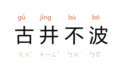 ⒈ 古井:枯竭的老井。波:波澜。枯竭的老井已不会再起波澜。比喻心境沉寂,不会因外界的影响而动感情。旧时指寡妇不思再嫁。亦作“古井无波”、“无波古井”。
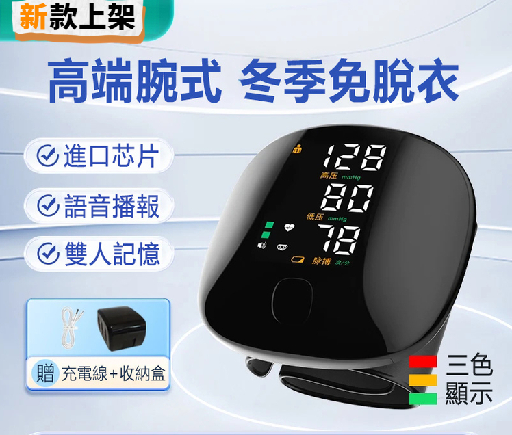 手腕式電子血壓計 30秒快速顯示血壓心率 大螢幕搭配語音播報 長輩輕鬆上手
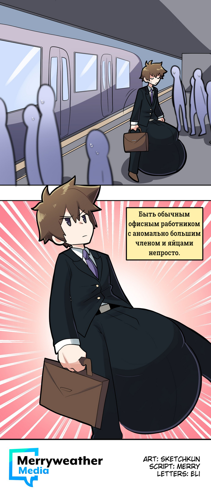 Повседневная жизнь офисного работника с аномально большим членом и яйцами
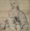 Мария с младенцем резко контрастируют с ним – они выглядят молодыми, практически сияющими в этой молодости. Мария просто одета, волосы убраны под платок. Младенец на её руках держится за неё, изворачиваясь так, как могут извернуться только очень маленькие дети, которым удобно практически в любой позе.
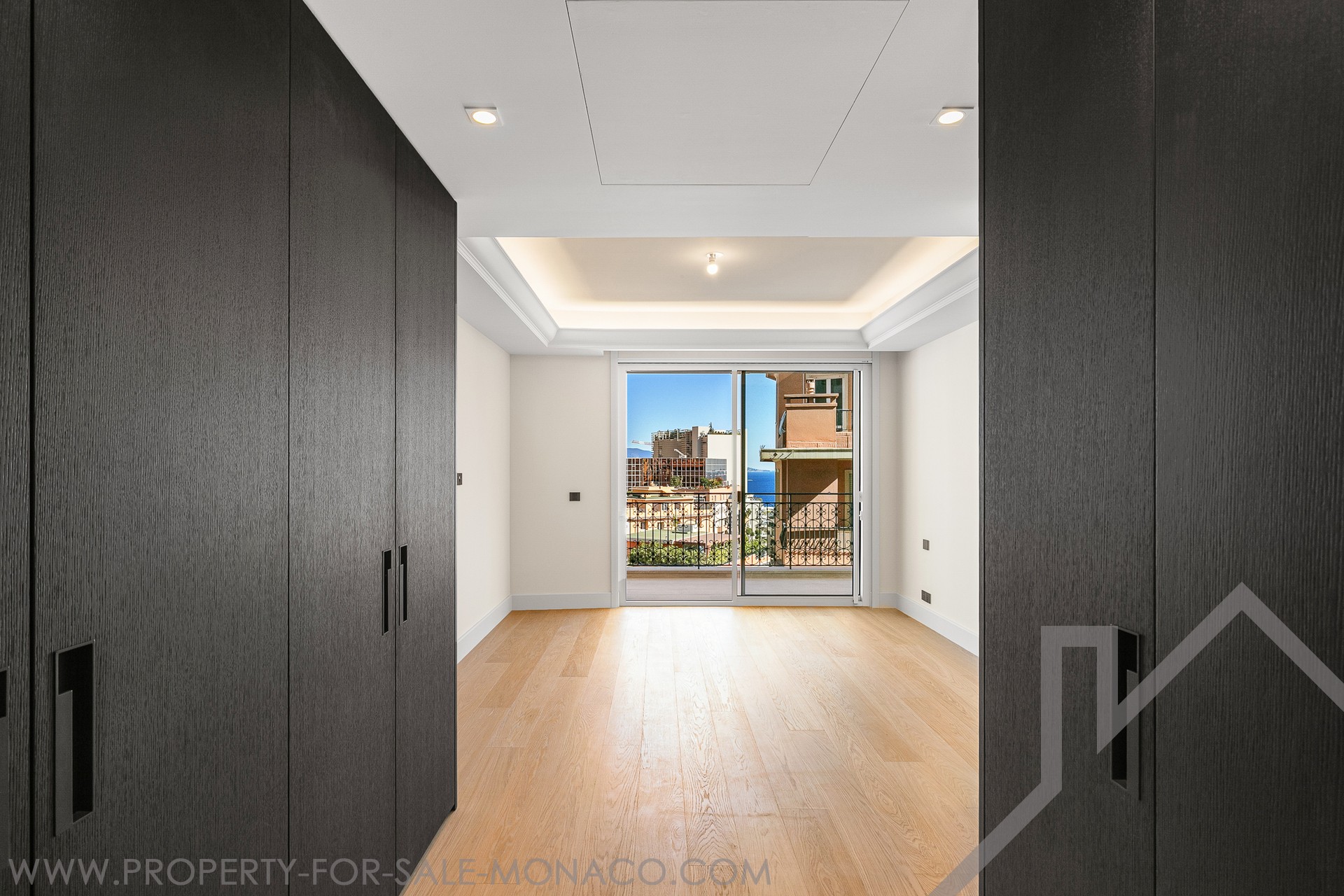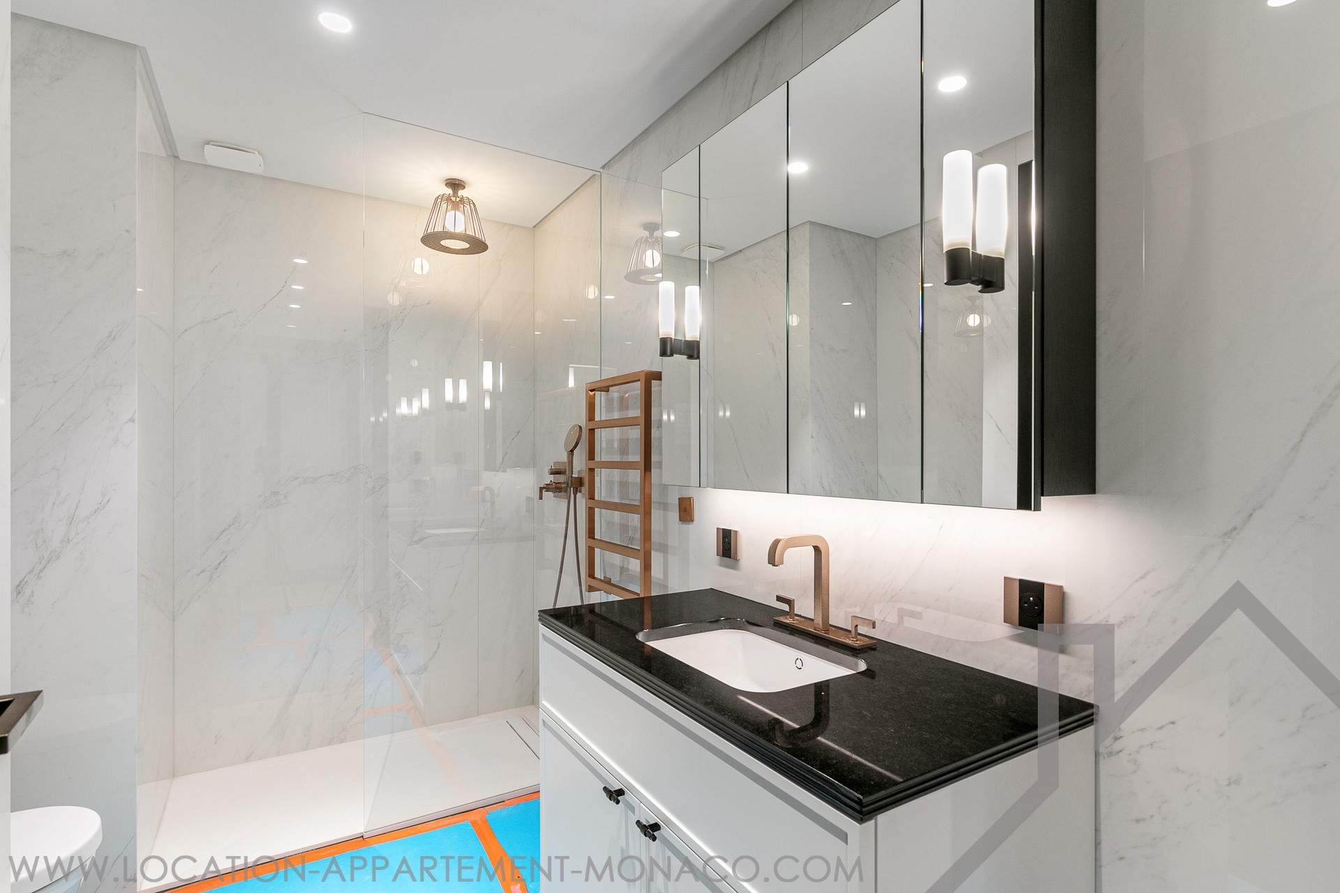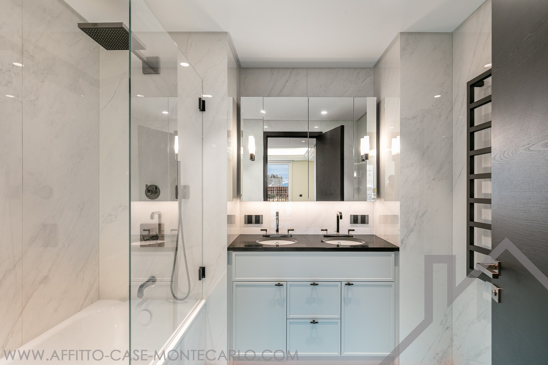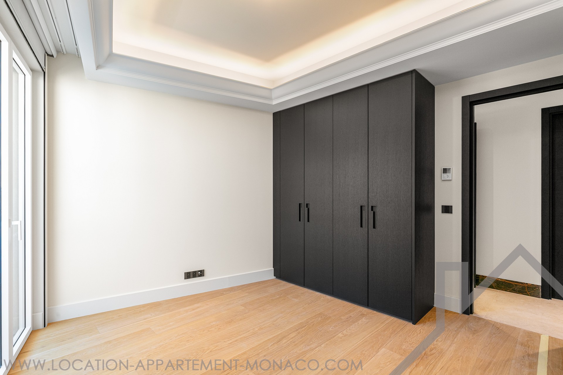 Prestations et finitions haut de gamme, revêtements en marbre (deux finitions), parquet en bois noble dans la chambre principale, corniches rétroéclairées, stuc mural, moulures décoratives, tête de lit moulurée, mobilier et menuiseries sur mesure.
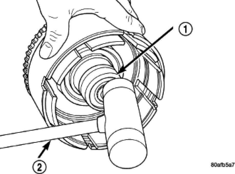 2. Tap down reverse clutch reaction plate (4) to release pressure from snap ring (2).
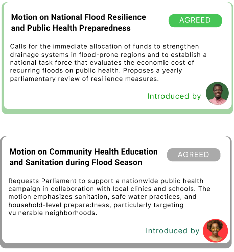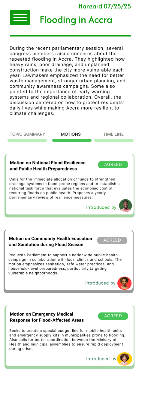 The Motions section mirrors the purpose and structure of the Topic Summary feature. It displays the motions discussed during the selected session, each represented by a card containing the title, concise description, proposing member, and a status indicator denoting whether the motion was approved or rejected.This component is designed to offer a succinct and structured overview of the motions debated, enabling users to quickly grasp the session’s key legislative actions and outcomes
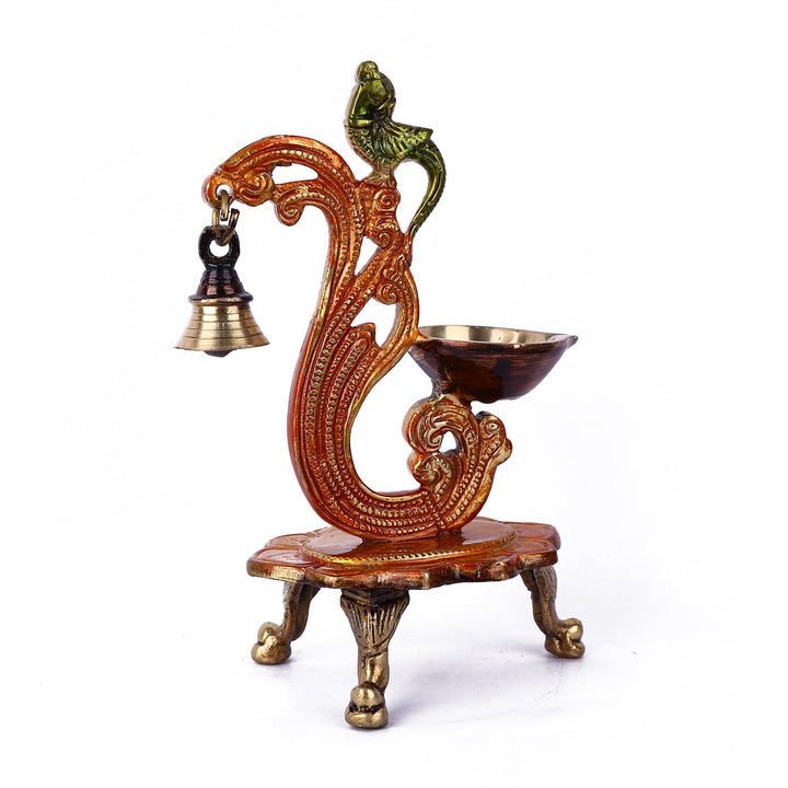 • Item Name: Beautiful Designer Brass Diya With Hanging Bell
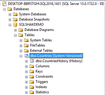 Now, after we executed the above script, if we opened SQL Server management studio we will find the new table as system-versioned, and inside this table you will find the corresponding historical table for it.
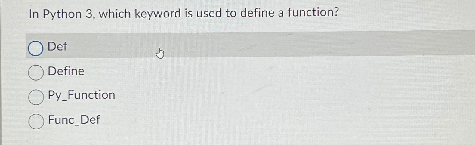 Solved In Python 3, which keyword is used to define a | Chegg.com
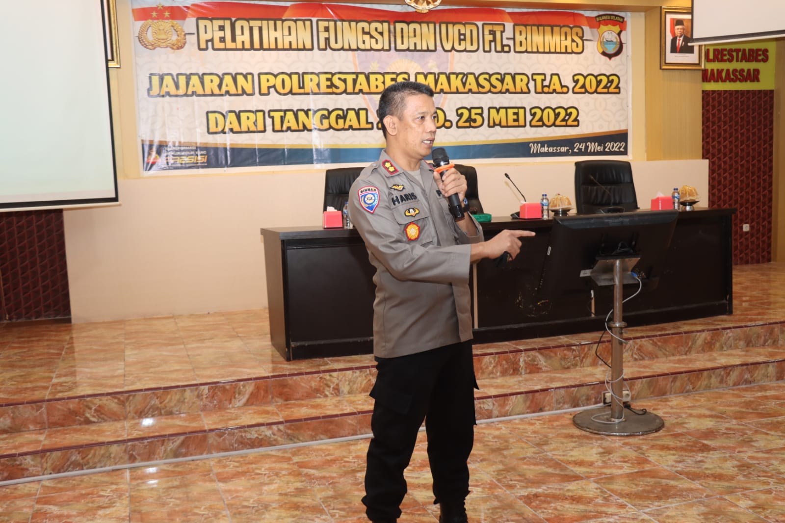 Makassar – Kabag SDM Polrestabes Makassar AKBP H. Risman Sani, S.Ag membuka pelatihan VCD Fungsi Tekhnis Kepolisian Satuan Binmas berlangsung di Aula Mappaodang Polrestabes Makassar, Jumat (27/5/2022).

########################################

Prompt: Say again, word for word, the lines beginning at the top of the data and ending with the line that has "2. Tap down". Skip the pictures.

Exercise answer:
 ⒈ 古井:枯竭的老井。波:波澜。枯竭的老井已不会再起波澜。比喻心境沉寂,不会因外界的影响而动感情。旧时指寡妇不思再嫁。亦作“古井无波”、“无波古井”。
 手腕式電子血壓計 30秒快速顯示血壓心率 大螢幕搭配語音播報 長輩輕鬆上手
 Повседневная жизнь офисного работника с аномально большим членом и яйцами
 Мария с младенцем резко контрастируют с ним – они выглядят молодыми, практически сияющими в этой молодости. Мария просто одета, волосы убраны под платок. Младенец на её руках держится за неё, изворачиваясь так, как могут извернуться только очень маленькие дети, которым удобно практически в любой позе.
 Prestations et finitions haut de gamme, revêtements en marbre (deux finitions), parquet en bois noble dans la chambre principale, corniches rétroéclairées, stuc mural, moulures décoratives, tête de lit moulurée, mobilier et menuiseries sur mesure.
 2. Tap down reverse clutch reaction plate (4) to release pressure from snap ring (2).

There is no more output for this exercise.